Семья моей матери причастна к литературе и к науке.
Дед мой, Андрей Николаевич Бекетов, ботаник, был ректором Петербургского университета в его лучшие годы (я и родился в «ректорском доме»). Петербургские Высшие женские курсы, называемые «Бестужевскими» (по имени К. Н. Бестужева-Рюмина), обязаны существованием своим главным образом моему деду.
Он принадлежал к тем идеалистам чистой воды, которых наше время уже почти не знает. Собственно, нам уже непонятны своеобразные и часто анекдотические рассказы о таких дворянах-шестидесятниках, как Салтыков-Щедрин или мой дед, об их отношении к императору Александру II, о собраниях Литературного фонда, о борелевских обедах, о хорошем французском и русском языке, об учащейся молодежи конца семидесятых годов. Вся эта эпоха русской истории отошла безвозвратно, пафос ее утрачен, и самый ритм показался бы нам чрезвычайно неторопливым.
В своем сельце Шахматове (Клинского уезда, Московской губернии) дед мой выходил к мужикам на крыльцо, потряхивая носовым платком; совершенно по той же причине, по которой И. С. Тургенев, разговаривая со своими крепостными, смущенно отколупывал кусочки краски с подъезда, обещая отдать все, что ни спросят, лишь бы отвязались.
Встречая знакомого мужика, дед мой брал его за плечо и начинал свою речь словами: «Eh bien, mon petit…».
Иногда на том разговор и кончался. Любимыми собеседниками были памятные мне отъявленные мошенники и плуты: старый Jacob Fidele, который разграбил у нас половину хозяйственной утвари, и разбойник Федор Куранов (по прозвищу Куран), у которого было, говорят, на душе убийство; лицо у него было всегда сине-багровое — от водки, а иногда в крови; он погиб в «кулачном бою». Оба были действительно люди умные и очень симпатичные; я, как и дед мой, любил их, и они оба до самой смерти своей чувствовали ко мне симпатию.

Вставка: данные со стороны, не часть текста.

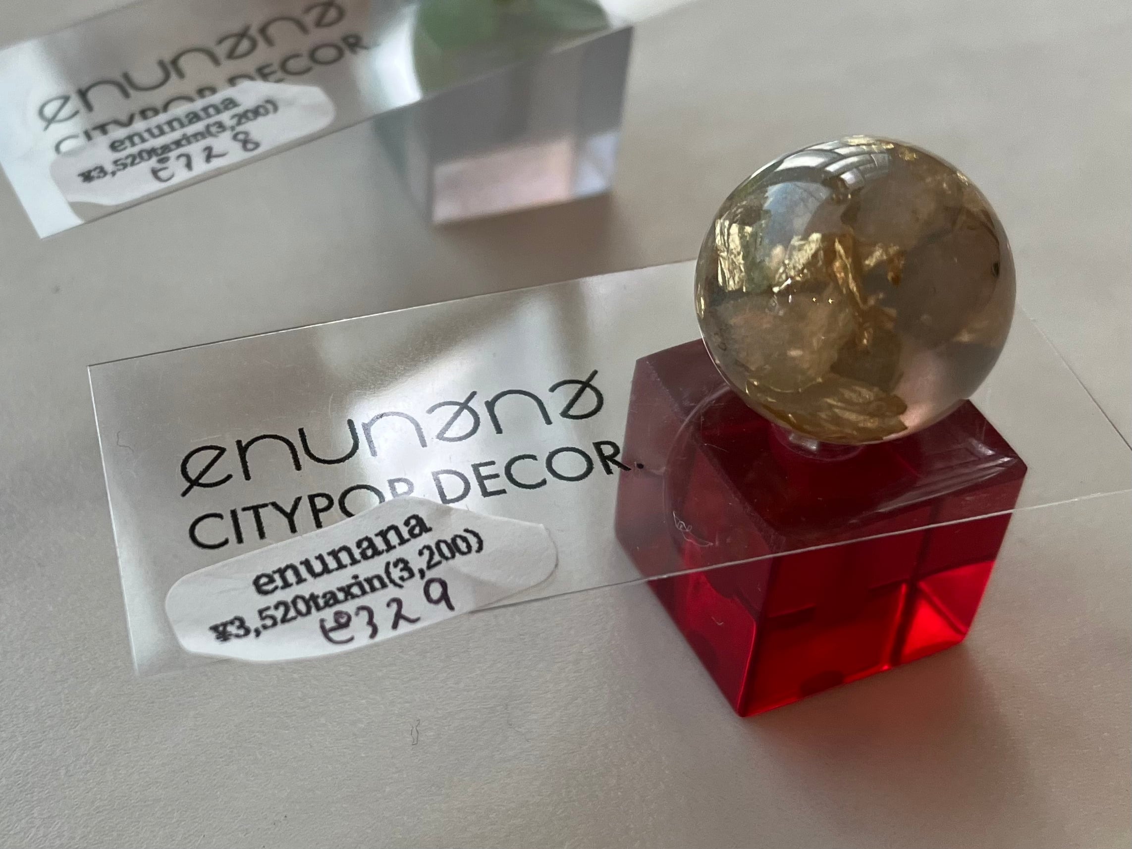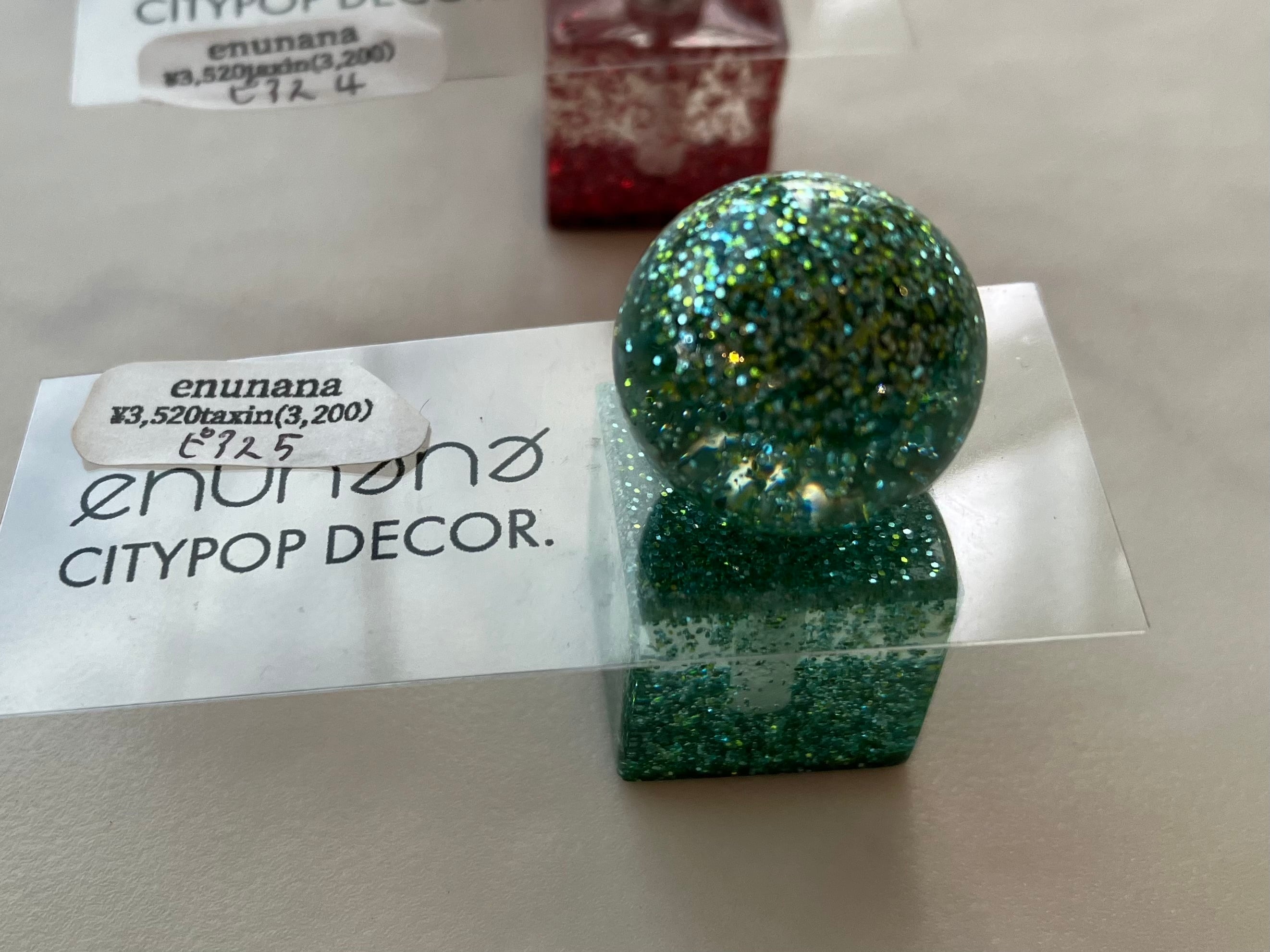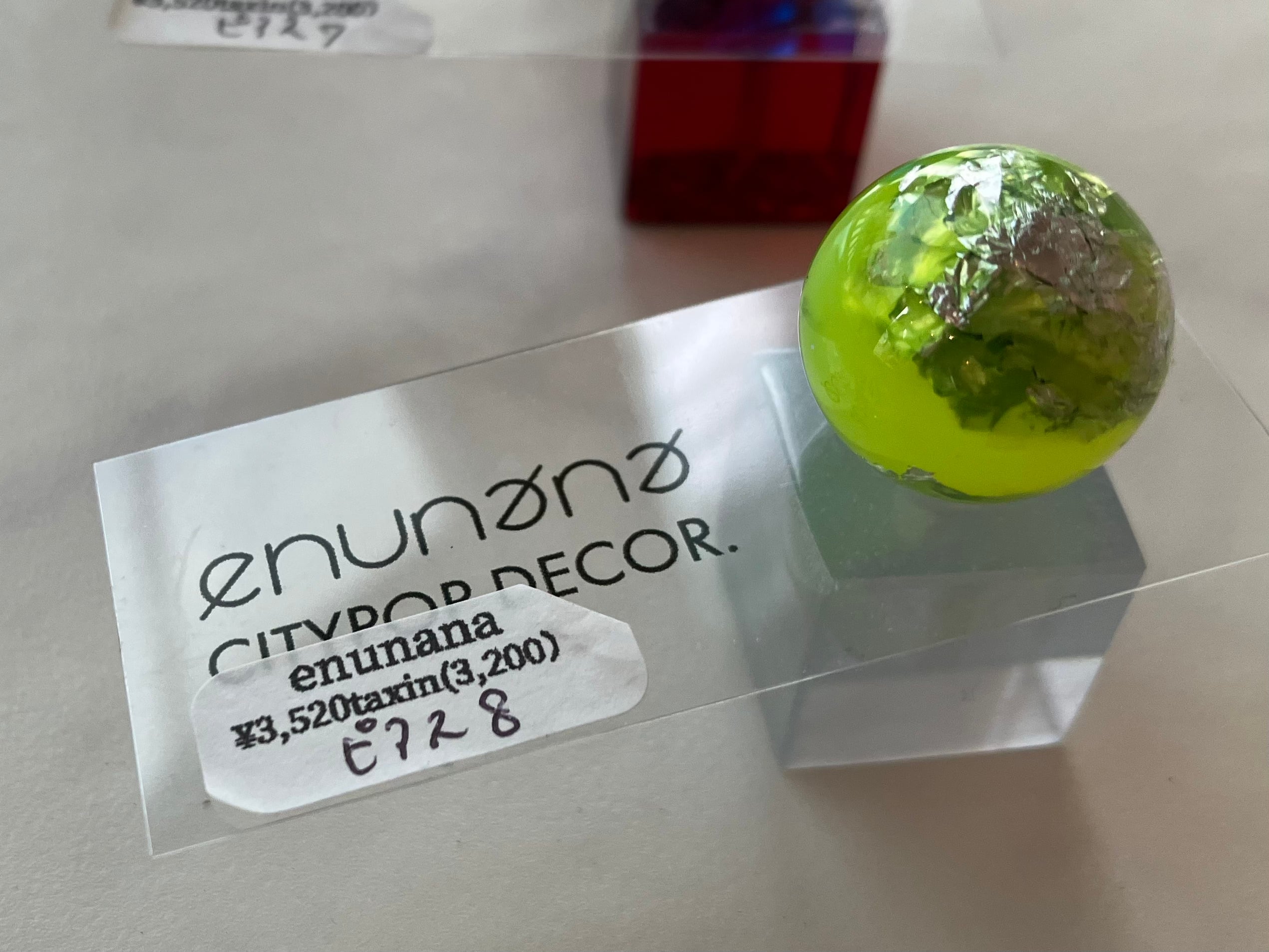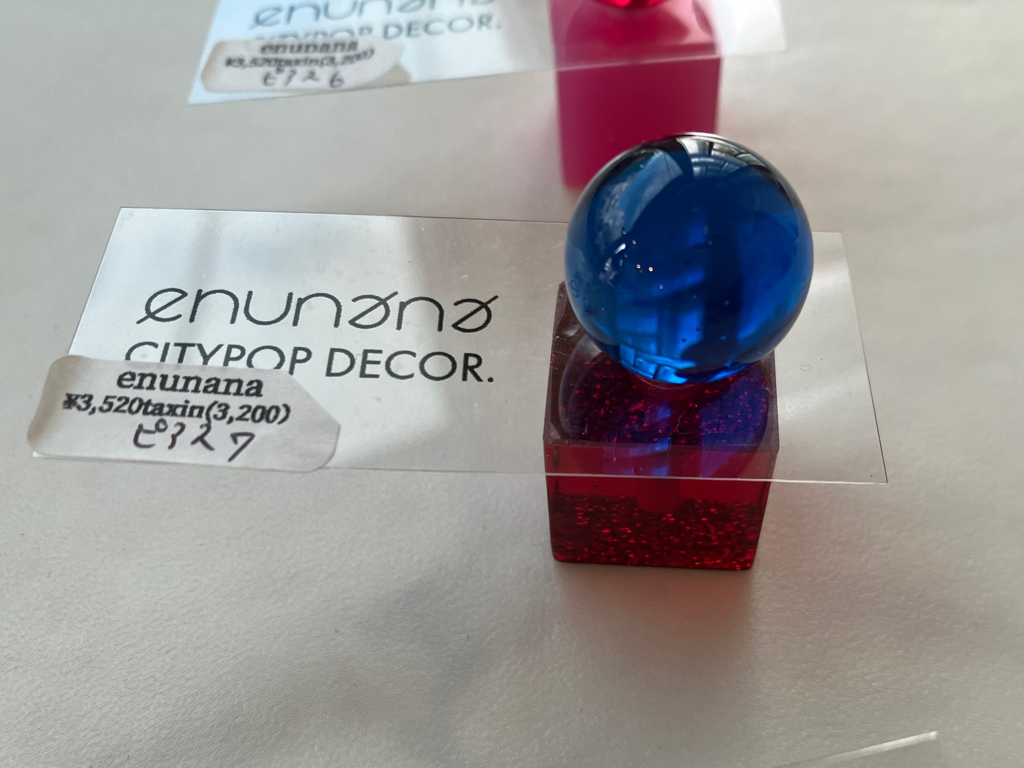 アクリルのキューブとボールが合体した、enunana定番ピアス

Однажды дед мой, видя, что мужик несет из лесу на плече березку, сказал ему: «Ты устал, дай я тебе помогу». При этом ему и в голову не пришло то очевидное обстоятельство что березка срублена в нашем лесу.
Мои собственные воспоминания о деде — очень хорошие; мы часами бродили с ним по лугам, болотам и дебрям; иногда делали десятки верст, заблудившись в лесу; выкапывали с корнями травы и злаки для ботанической коллекции; при этом он называл растения и, определяя их, учил меня начаткам ботаники, так что я помню и теперь много ботанических названий. Помню, как мы радовались, когда нашли особенный цветок ранней грушовки, вида, не известного московской флоре, и мельчайший низкорослый папоротник; этот папоротник я до сих пор каждый год ищу на той самой горе, но так и не нахожу, — очевидно, он засеялся случайно и потом выродился.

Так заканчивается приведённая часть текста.